* _REQUIRED ACTION_:
Leaving out pictures, output exactly the lines below from the one that has "Classic Cherry tabletops" through the one that has "Rolling & Adjustable", and nothing else.

Start of RECORDS SHOWN

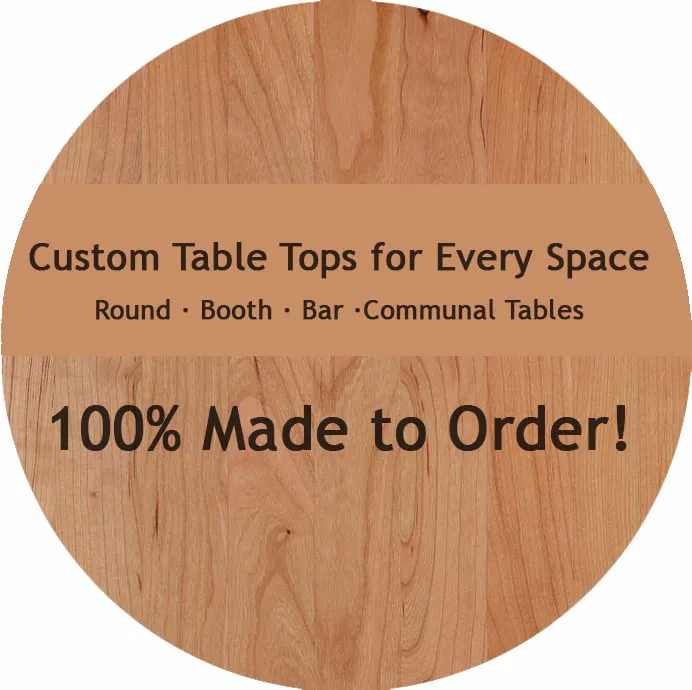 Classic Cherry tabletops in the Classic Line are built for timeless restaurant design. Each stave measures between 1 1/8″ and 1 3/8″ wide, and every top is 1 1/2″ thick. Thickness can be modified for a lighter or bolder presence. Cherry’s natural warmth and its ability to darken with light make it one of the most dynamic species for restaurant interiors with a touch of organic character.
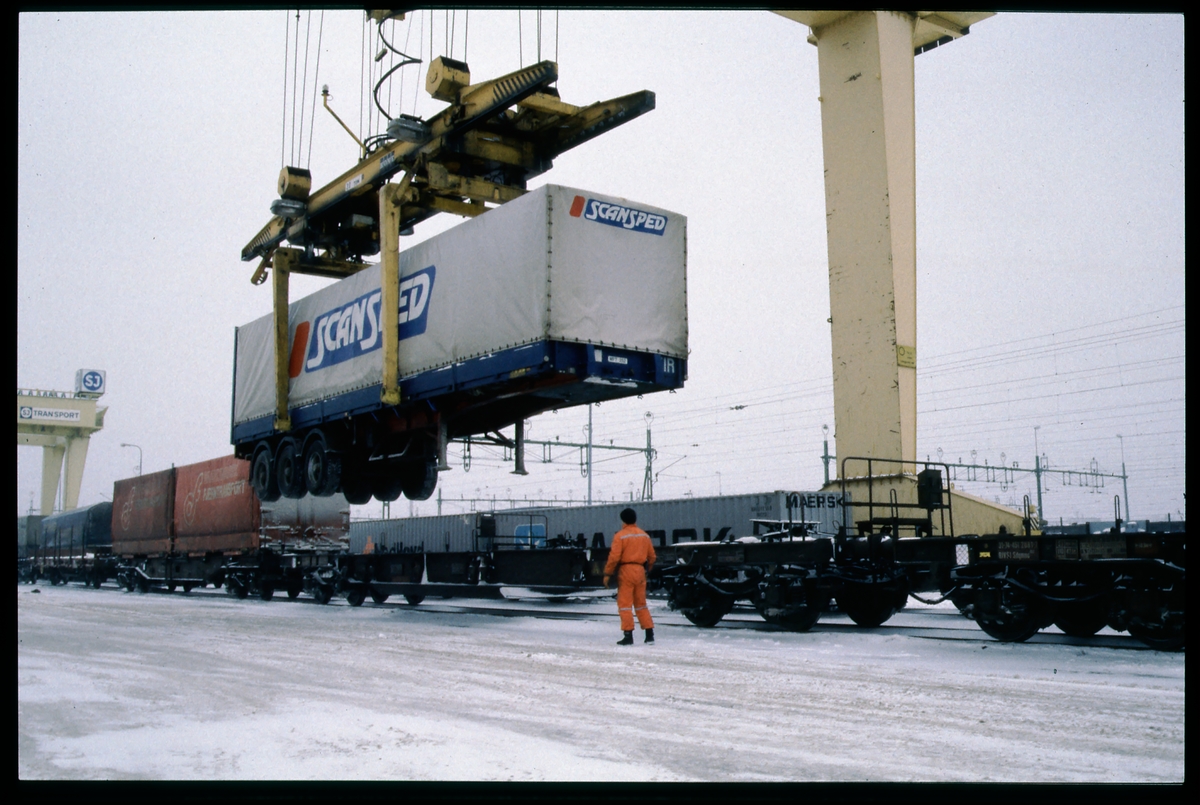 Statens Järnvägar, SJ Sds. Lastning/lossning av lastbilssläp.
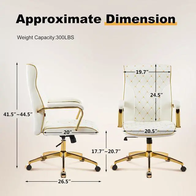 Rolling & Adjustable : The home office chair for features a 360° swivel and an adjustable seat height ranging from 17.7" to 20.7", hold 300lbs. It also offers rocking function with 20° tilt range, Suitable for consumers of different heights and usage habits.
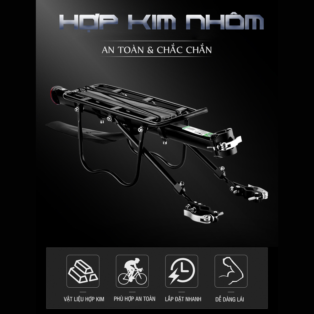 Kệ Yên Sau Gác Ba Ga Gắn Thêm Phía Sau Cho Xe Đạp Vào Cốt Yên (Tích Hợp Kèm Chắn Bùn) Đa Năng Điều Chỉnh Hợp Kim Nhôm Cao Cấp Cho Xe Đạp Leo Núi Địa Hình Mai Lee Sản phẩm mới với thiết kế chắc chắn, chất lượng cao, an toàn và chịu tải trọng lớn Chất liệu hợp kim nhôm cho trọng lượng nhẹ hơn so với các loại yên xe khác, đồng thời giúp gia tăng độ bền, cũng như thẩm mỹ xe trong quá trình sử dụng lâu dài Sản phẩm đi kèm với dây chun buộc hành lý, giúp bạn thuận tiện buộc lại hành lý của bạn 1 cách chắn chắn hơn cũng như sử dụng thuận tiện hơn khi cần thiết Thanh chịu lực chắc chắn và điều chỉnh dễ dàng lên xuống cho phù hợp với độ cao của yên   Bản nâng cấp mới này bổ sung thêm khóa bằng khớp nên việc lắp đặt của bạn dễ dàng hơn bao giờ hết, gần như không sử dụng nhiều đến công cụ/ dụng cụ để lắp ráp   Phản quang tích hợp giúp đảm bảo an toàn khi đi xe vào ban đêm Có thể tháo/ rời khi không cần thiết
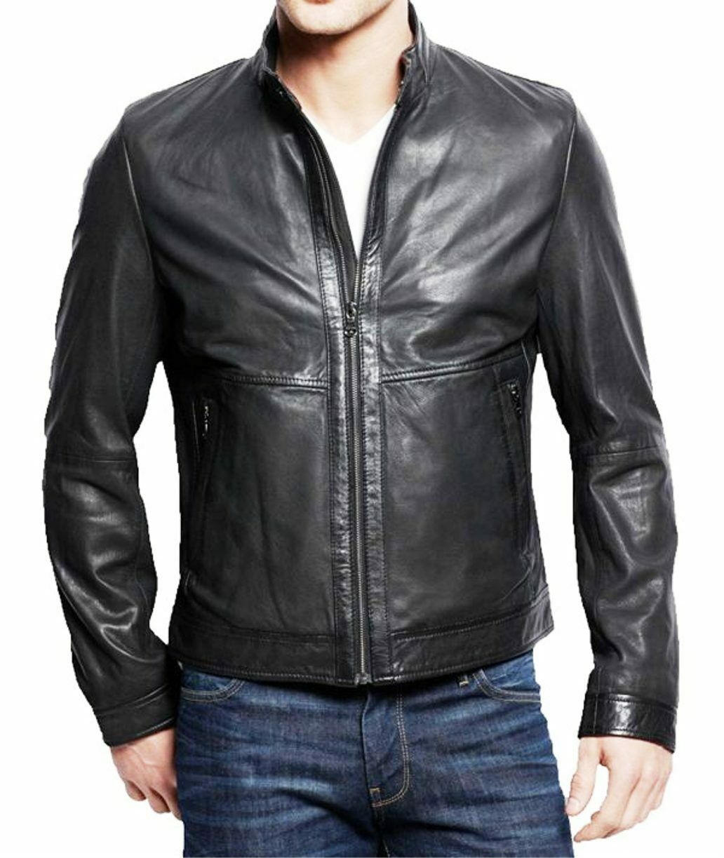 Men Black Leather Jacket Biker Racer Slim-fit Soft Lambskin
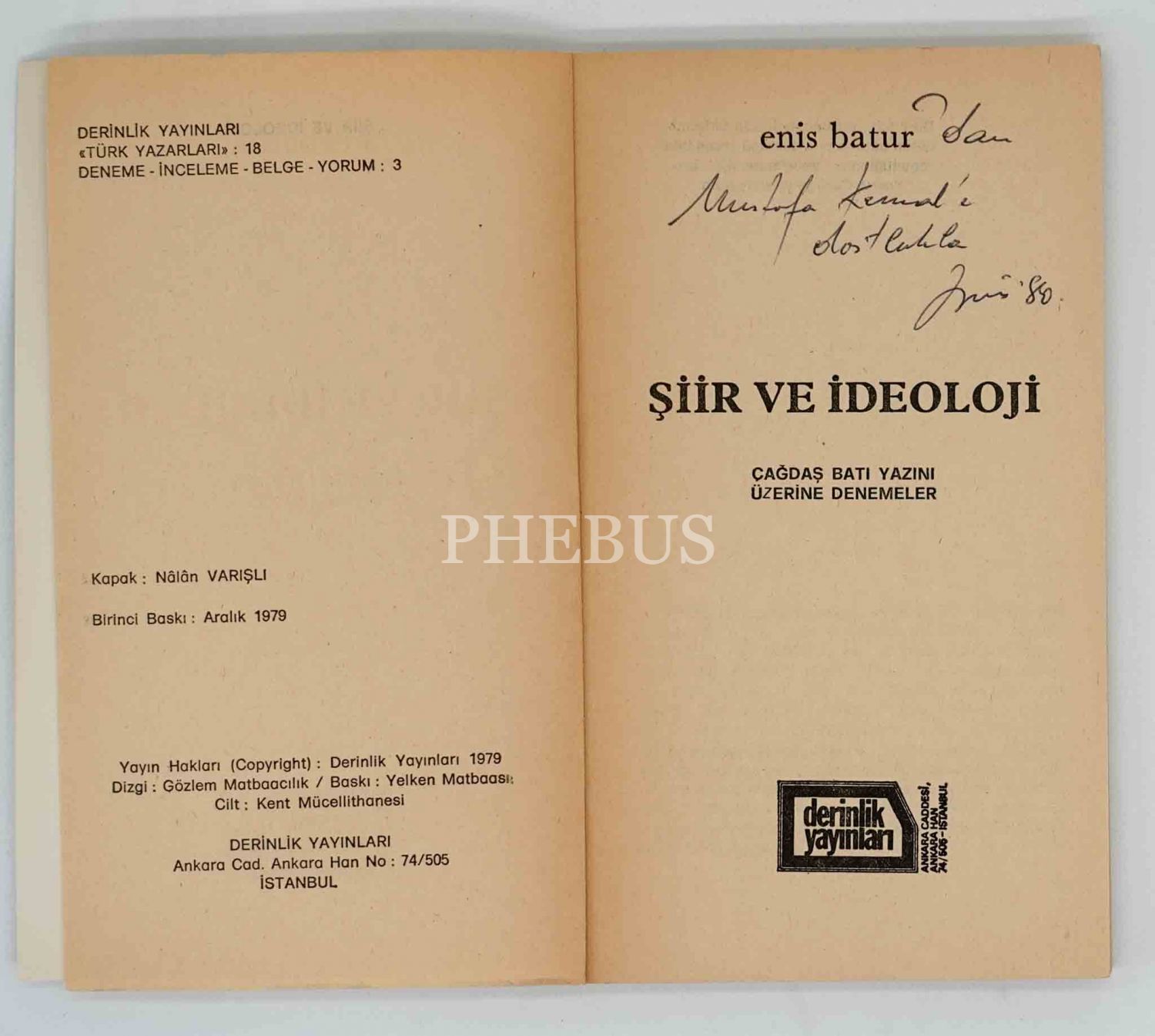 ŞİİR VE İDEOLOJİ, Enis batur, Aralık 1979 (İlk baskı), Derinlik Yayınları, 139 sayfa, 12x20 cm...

End of RECORDS SHOWN
Start of RECORDS SHOWN

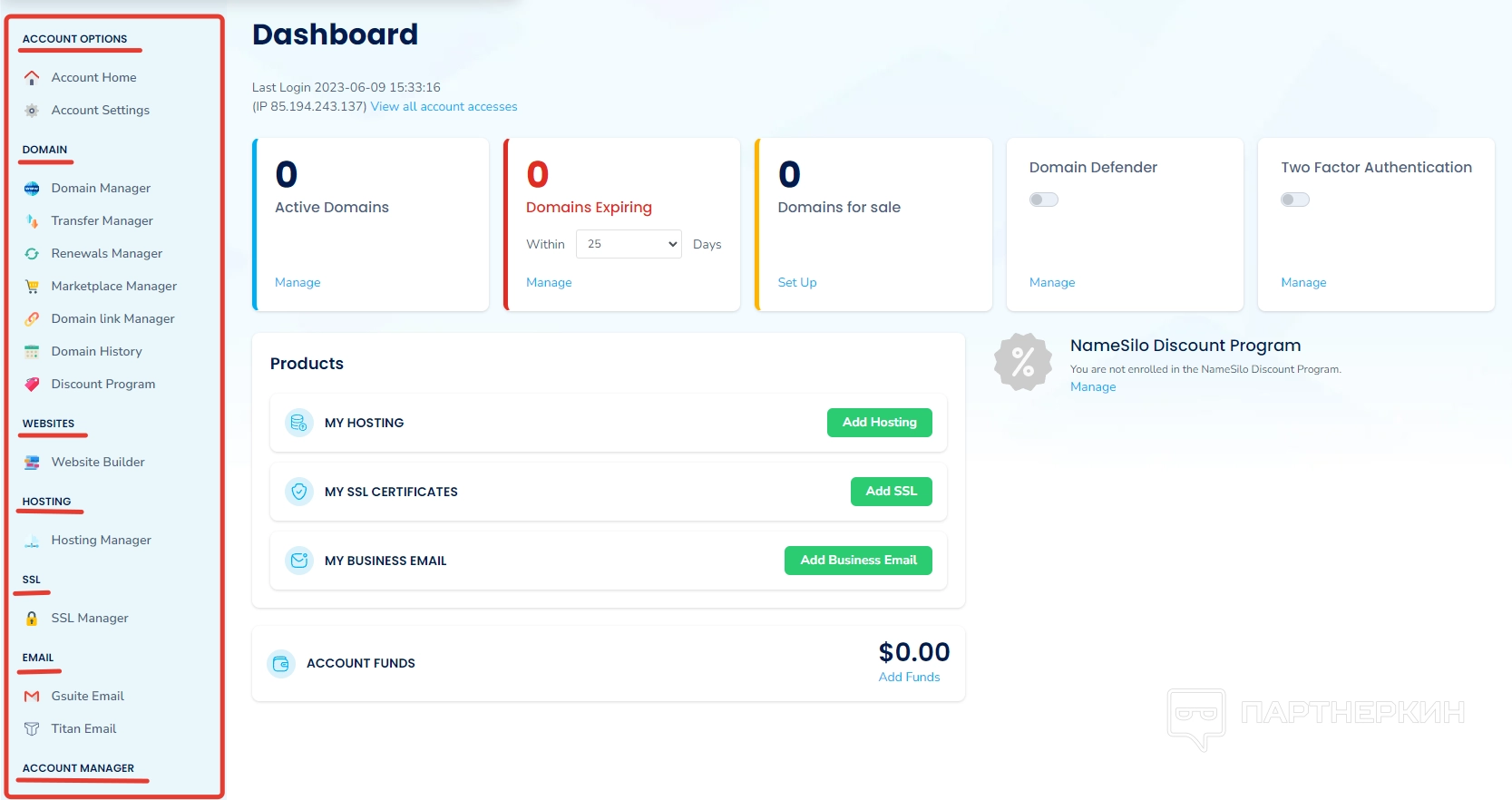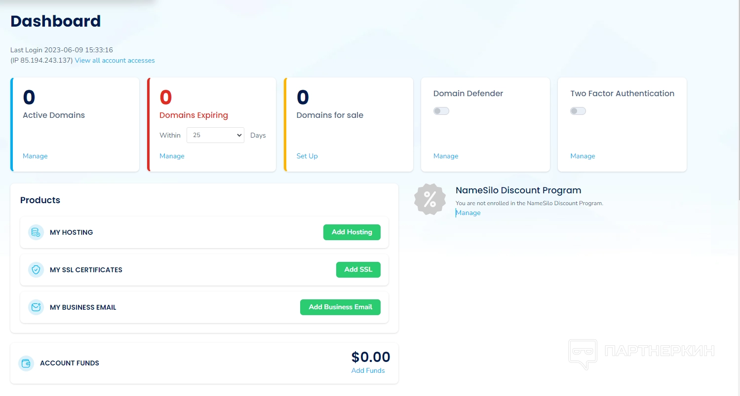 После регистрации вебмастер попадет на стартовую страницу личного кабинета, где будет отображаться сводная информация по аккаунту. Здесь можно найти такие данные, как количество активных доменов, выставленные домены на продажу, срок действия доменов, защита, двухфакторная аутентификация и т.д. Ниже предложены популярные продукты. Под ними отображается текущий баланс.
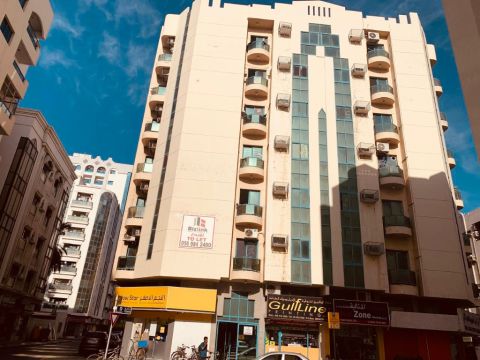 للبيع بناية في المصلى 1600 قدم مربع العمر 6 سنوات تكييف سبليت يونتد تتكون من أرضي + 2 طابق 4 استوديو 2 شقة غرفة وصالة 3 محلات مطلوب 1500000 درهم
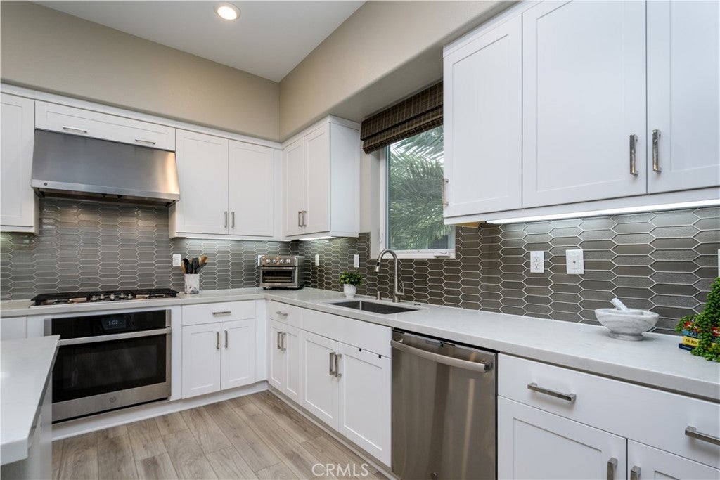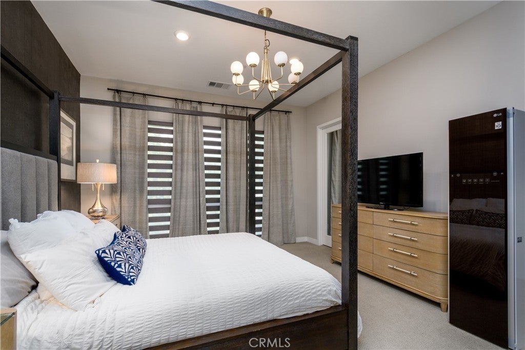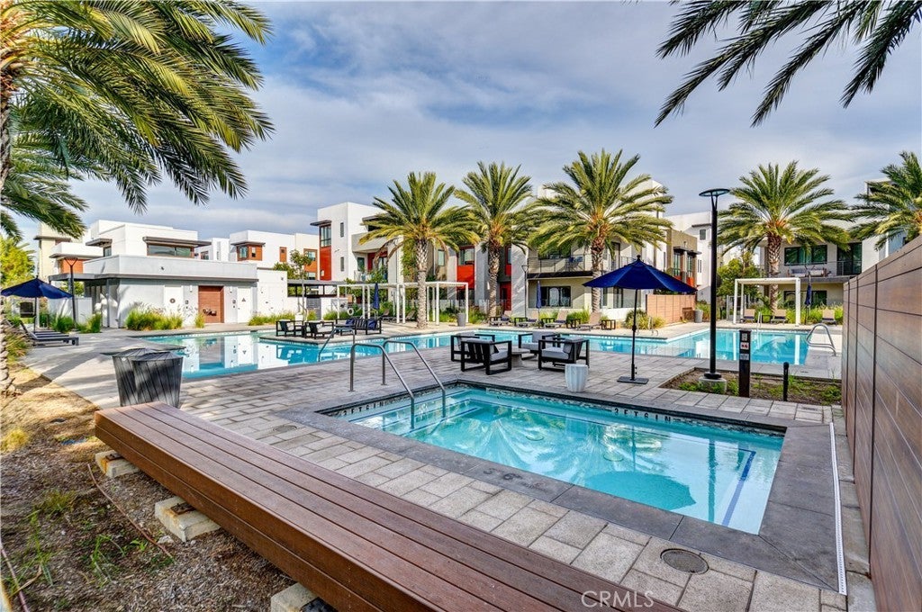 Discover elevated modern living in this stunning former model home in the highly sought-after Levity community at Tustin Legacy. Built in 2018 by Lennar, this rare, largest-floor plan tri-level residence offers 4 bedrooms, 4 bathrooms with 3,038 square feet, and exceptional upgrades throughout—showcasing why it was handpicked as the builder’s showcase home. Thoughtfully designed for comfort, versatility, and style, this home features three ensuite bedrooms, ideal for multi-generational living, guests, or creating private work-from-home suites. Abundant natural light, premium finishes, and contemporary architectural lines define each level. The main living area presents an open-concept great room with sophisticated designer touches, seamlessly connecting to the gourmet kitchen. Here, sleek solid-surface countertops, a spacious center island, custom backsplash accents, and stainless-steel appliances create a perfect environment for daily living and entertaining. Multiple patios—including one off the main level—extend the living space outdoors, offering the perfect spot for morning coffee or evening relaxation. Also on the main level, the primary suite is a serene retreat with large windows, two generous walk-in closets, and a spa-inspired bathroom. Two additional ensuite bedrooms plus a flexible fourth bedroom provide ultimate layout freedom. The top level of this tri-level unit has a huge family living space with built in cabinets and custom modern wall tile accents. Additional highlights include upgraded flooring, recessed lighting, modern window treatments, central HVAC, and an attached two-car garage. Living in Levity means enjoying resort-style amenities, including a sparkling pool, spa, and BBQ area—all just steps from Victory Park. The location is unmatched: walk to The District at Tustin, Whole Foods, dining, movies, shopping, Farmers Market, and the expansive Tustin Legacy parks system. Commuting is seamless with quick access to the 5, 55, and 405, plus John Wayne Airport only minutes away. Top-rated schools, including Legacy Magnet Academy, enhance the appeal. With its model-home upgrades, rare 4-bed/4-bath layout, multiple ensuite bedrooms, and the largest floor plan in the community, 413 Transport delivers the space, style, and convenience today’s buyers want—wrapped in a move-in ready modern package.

End of RECORDS SHOWN

* _WRITTEN SOLUTION_:
 Classic Cherry tabletops in the Classic Line are built for timeless restaurant design. Each stave measures between 1 1/8″ and 1 3/8″ wide, and every top is 1 1/2″ thick. Thickness can be modified for a lighter or bolder presence. Cherry’s natural warmth and its ability to darken with light make it one of the most dynamic species for restaurant interiors with a touch of organic character.
 Statens Järnvägar, SJ Sds. Lastning/lossning av lastbilssläp.
 Rolling & Adjustable : The home office chair for features a 360° swivel and an adjustable seat height ranging from 17.7" to 20.7", hold 300lbs. It also offers rocking function with 20° tilt range, Suitable for consumers of different heights and usage habits.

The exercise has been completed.